**Work required**
Your output should be the lines from the one containing "在圖 3 中,開關(guān)" through the end of the listing, exact and inclusive, with no pictures.

**Data extracts**
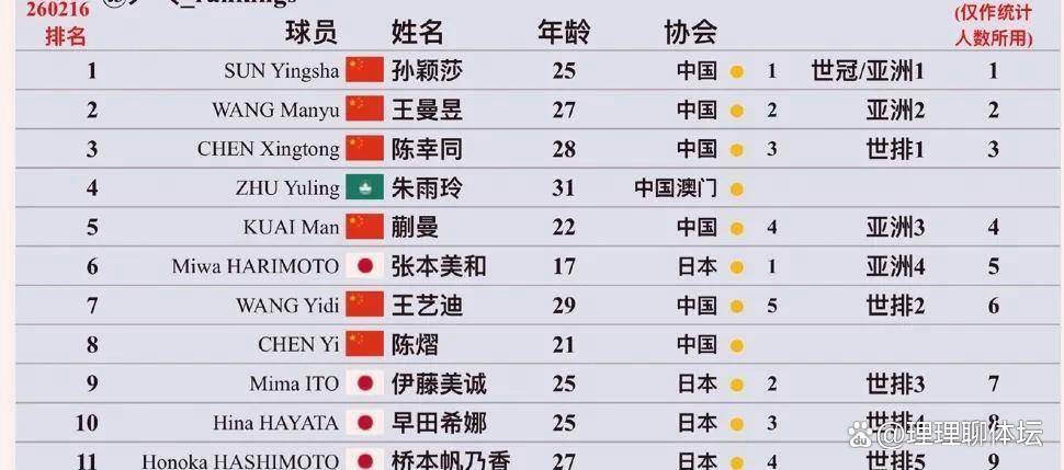 代表中国澳门出战的朱雨玲凭借近期在多哈等赛事中的出色表现,积分飙升至4790分,强势回归世界第四。
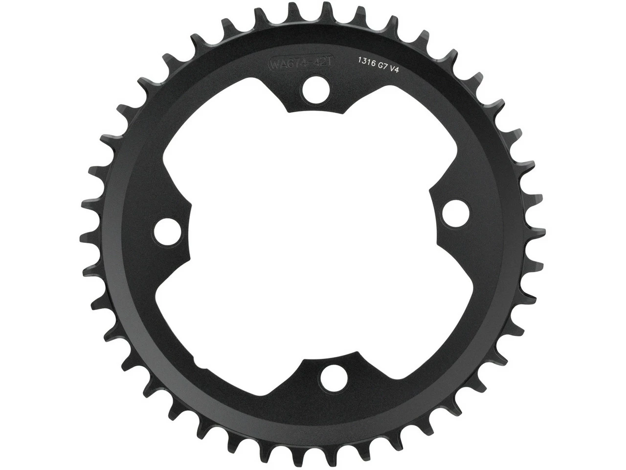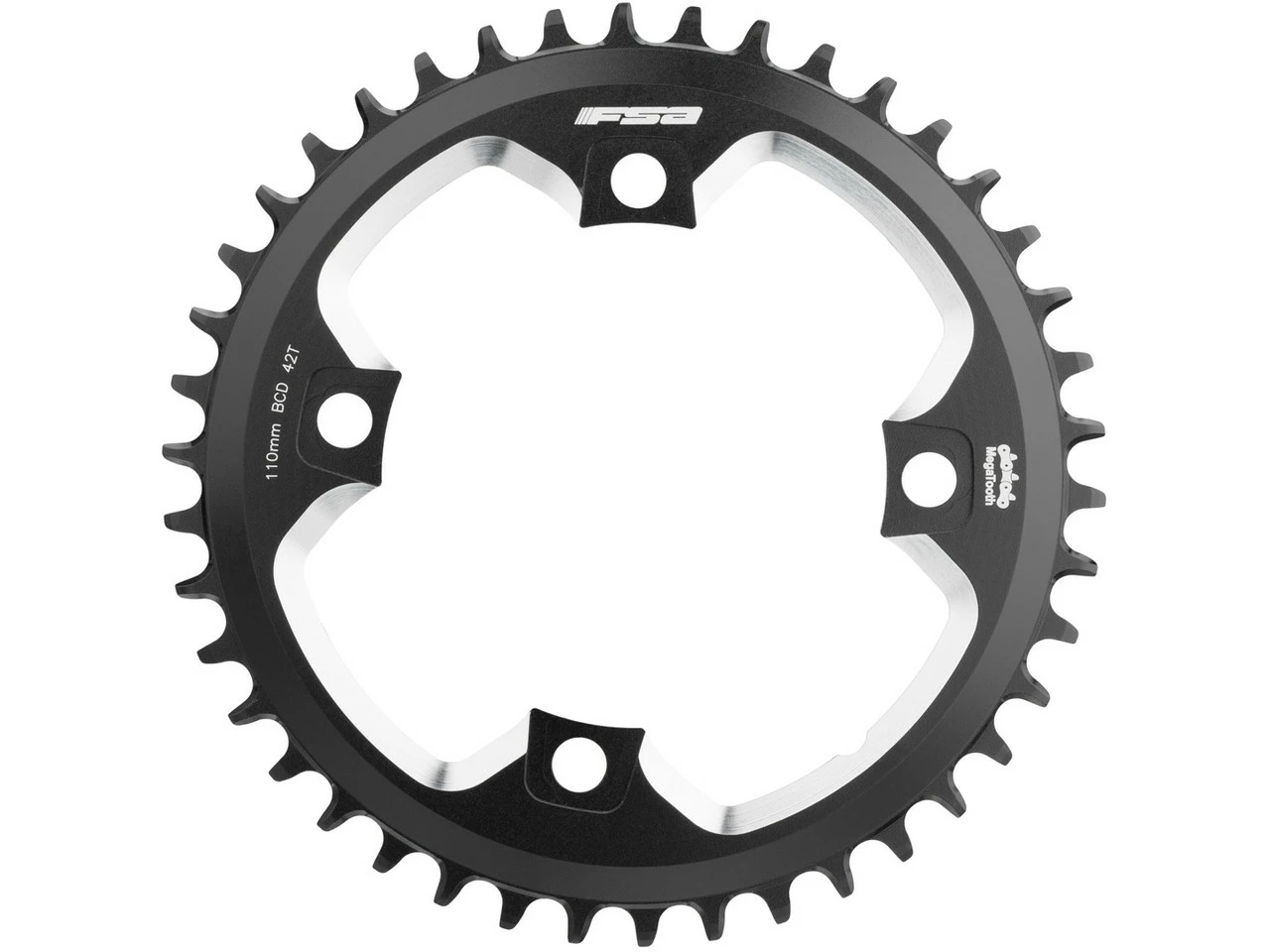 Spezifikationen:Einsatzbereich:RoadBefestigung:110 mm Lochkreis, 4-Arm asymmetrischZähne:42Z, 44ZSchaltstufen:1×11-fachTechnische Daten :Material:Aluminium (7075-T6)Features:für SRAM und Shimano 1×11-fach AntriebeCNC-bearbeiteteloxiertMegaTooth: dünne und dicke Kettenblattzähne abwechselnd verhindern KettenabwurfAusführungen:42 Zähne:
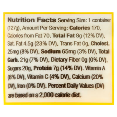 Noosa Yoghurt, Blueberry: calories, nutrition analysis & more ... Kosher or halal gelatin often comes from fish. Nutrition Serving Size: 1 container (127g) Amount per Serving My Daily Value Calories 150 Kcal 9% Total Fat 6 g 10% Saturated Fat 4 g 24% Trans Fat 0 g 0% Cholesterol 20 mg 7% Sodium 65 mg 3% Potassium 282 mg 6% Total Carbohydrate 18 g 8% Dietary Fiber 0 g 0% Sugars 17 g 24% Added Sugars 10 g 42%
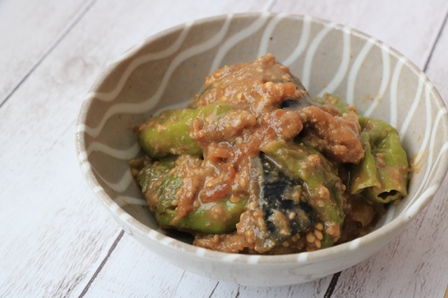 ナスとシシトウの味噌炒めJAみえなか。
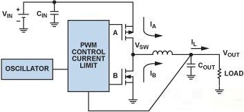 在圖 3 中,開關(guān) A 和開關(guān) B 分別利用 PFET 和 NFET 開關(guān)實(shí)現(xiàn),構(gòu)成一個(gè)同步降壓調(diào)節(jié)器!巴健币辉~表示將一個(gè) FET 用作低端開關(guān)。用肖特基二極管代替低端開關(guān)的降壓調(diào)節(jié)器稱為“異步”(或非同步)型。處理低功率時(shí),同步降壓調(diào)節(jié)器更有效,因?yàn)?FET 的壓降低于肖特基二極管。然而,當(dāng)電感電流達(dá)到 0 時(shí),如果底部 FET 未釋放,同步轉(zhuǎn)換器的輕載效率會(huì)降低,而且額外的控制電路會(huì)提高 IC 的復(fù)雜性和成本。
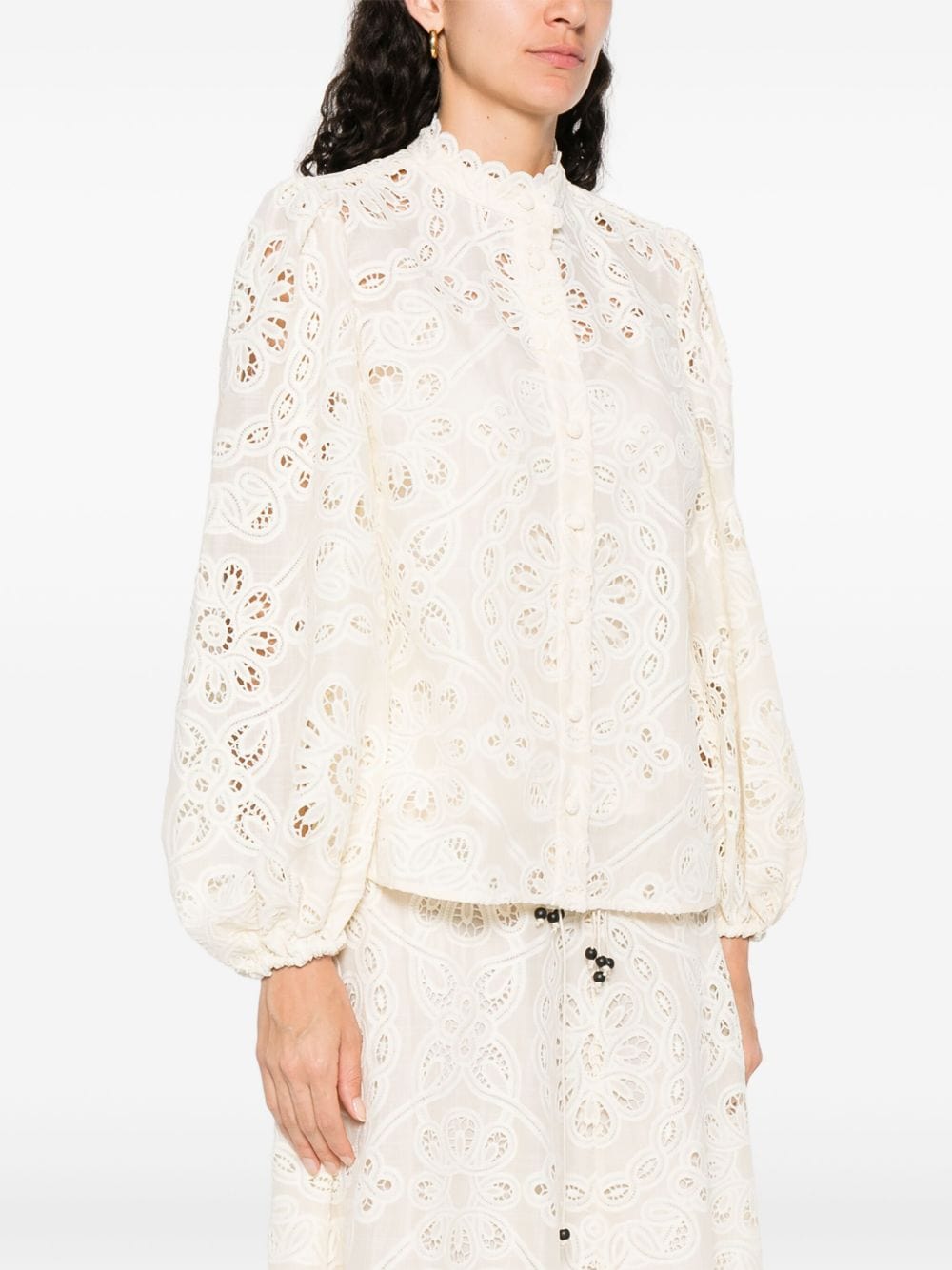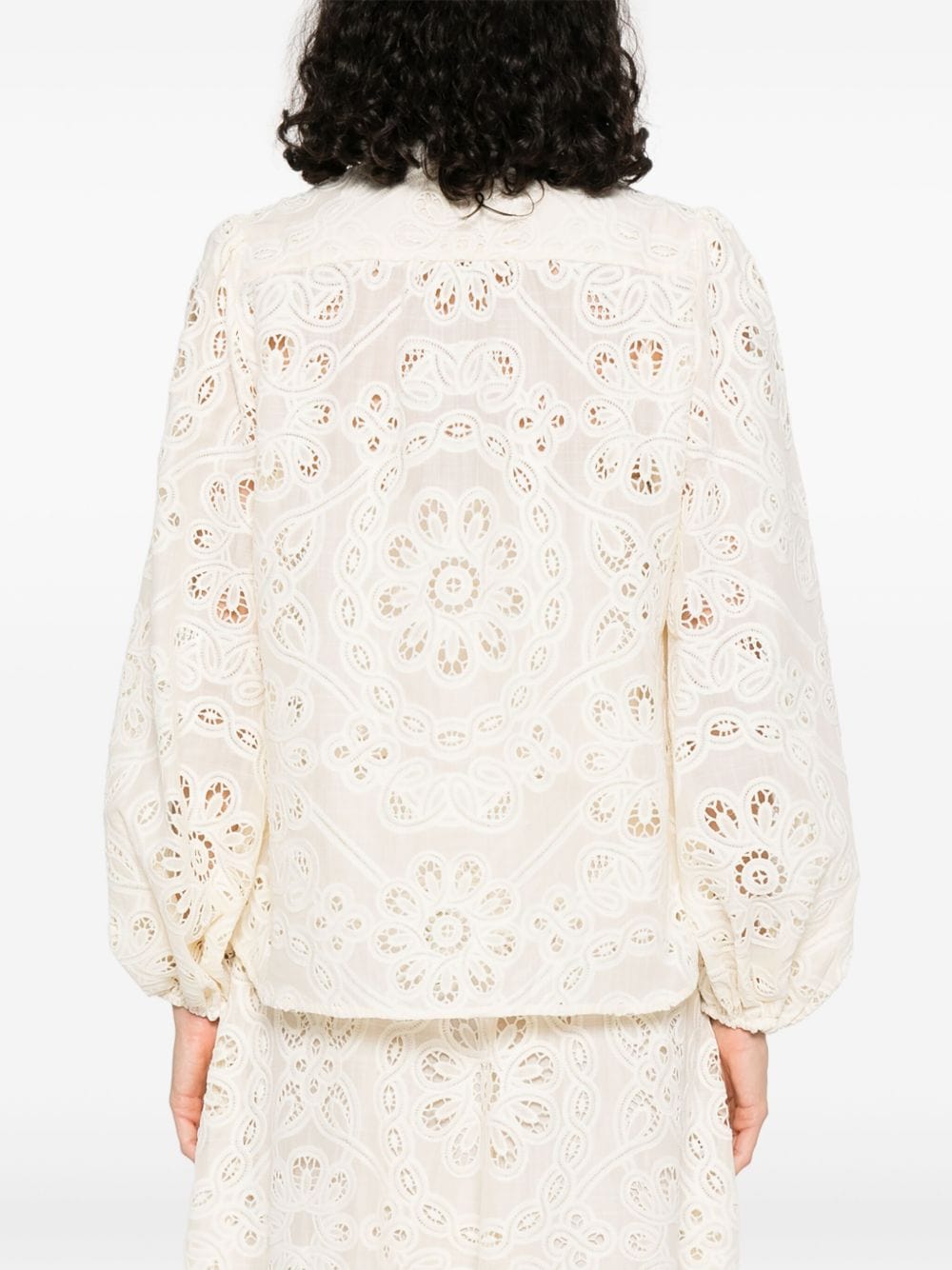 beige front button fastening cut-out floral detailing long sleeves elasticated cuffs Rhiannon embroidered blouse

**Result for this task**
 在圖 3 中,開關(guān) A 和開關(guān) B 分別利用 PFET 和 NFET 開關(guān)實(shí)現(xiàn),構(gòu)成一個(gè)同步降壓調(diào)節(jié)器!巴健币辉~表示將一個(gè) FET 用作低端開關(guān)。用肖特基二極管代替低端開關(guān)的降壓調(diào)節(jié)器稱為“異步”(或非同步)型。處理低功率時(shí),同步降壓調(diào)節(jié)器更有效,因?yàn)?FET 的壓降低于肖特基二極管。然而,當(dāng)電感電流達(dá)到 0 時(shí),如果底部 FET 未釋放,同步轉(zhuǎn)換器的輕載效率會(huì)降低,而且額外的控制電路會(huì)提高 IC 的復(fù)雜性和成本。
 beige front button fastening cut-out floral detailing long sleeves elasticated cuffs Rhiannon embroidered blouse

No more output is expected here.